MadJoe
MadJoe

Reputation: 23

JPanel Class with null layout not showing components

So, i created an object of class "CustomPanel" that creates a JPanel with a GridLayout and a label inside of it then I added it to my JFrame. It works fine showing the label "HELLO", but when I change the layout manager of the jpanel to (null) it doesn't show anything. I know, I know using null layout is a very bad practice but I just want to know why it isn't showing the components.

Main class:

import javax.swing.JFrame;

public class MainMenu extends javax.swing.JFrame{

    private static void createAndShowGUI() {
        //Create and set up the window.
        JFrame frame = new JFrame();
        frame.setDefaultCloseOperation(JFrame.EXIT_ON_CLOSE);

        //Size the window.
        frame.setSize(500, 500);

        CustomPanel panel = new CustomPanel();

        frame.getContentPane().add(panel);

        frame.setVisible(true);
    }

    public static void main(String[] args) {

        javax.swing.SwingUtilities.invokeLater(new Runnable() {
            public void run() {
                createAndShowGUI();
            }
        });
    }
}

CustomPanel class with GridLayout (This works fine):

import java.awt.GridLayout;
import javax.swing.JLabel;
import javax.swing.JPanel;

public class CustomPanel extends JPanel{

    public CustomPanel() {
        initUI();
    }

    public final void initUI() {

        // create the panel and set the layout
        JPanel main = new JPanel();
        main.setLayout(new GridLayout());

        // create the labels
        JLabel myLabel = new JLabel("HELLO");

        // add componets to panel
        main.add(myLabel);

        this.add(main);
    }
}

CustomPanel class with Null layout (This doesn't work):

import javax.swing.JLabel;
import javax.swing.JPanel;

public class CustomPanel extends JPanel{

    public CustomPanel() {
        initUI();
    }

    public final void initUI() {

        // create the panel and set the layout
        JPanel main = new JPanel();
        main.setLayout(null);

        // create the labels
        JLabel myLabel = new JLabel("HELLO");
        myLabel.setBounds(10, 10, myLabel.getPreferredSize().width, myLabel.getPreferredSize().height);

        // add componets to panel
        main.add(myLabel);

        this.add(main);
    }
}

The jlabel is correctly set inside the jpanel so it should be showing in the upper-left side of the jframe, but it doesn't. What is causing this? what am I missing?.

Upvotes: 1

Views: 1591

Answers (1)

Hovercraft Full Of Eels
Hovercraft Full Of Eels

Reputation: 285403

The problem is that when you don't use a proper layout manager the main JPanel has a preferred size of 0,0, and won't display within the container that it is placed within. The CustomPanel that holds the main JPanel uses FlowLayout and will use its contained component's preferred sizes to help size and position these components, but since main has no layout, adding the JLabel to main does not increase the preferred size as it should -- yet another reason to use layouts, and CustomPanel will display main as just a sizeless dot.
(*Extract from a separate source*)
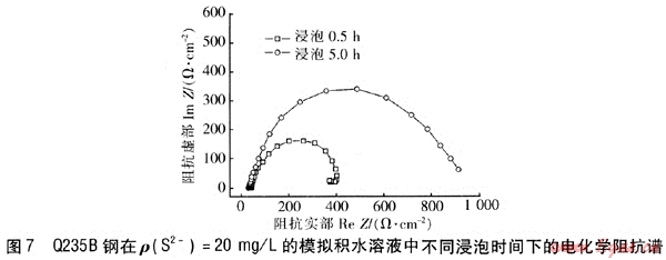 圖7為Q235B鋼在ρ(S2-)=20mg/L的模擬積水溶液中分別浸泡0.5h和浸泡5h所得的電化學阻抗譜。由圖7可知,隨浸泡時間的不同,Nyquist圖的形狀有明顯不同。浸泡時間短時,Nyquist圖由一個高頻容抗弧和一個低頻小感抗弧組成。當浸泡時間由0.5h增大到5h時,Nyquist圖表現(xiàn)為一個大容抗弧,低頻感抗弧已經(jīng)消失,且大容抗弧的半徑顯著變大,即其阻抗增大。說明在模擬積水溶液中,隨著浸泡時間的延長,S2-對Q235B鋼表面電化學反應的抑制作用增強。

You could of course get around this by giving main a preferred size via main.setPreferredSize(...), but then you'd be solving a kludge with a kludge -- not good. Another possible solution is to change CustomPanel's layout to something else that might expand the main JPanel that it holds, perhaps giving CustomPanel a BorderLayout. In this situation, adding main to CustomPanel in a default fashion will place the main JPanel into the BorderLayout.CENTER position, expanding it to fill CustomPanel, and the JLabel will likely be seen.

The proper solution, of course, is to avoid use of null layouts whenever possible.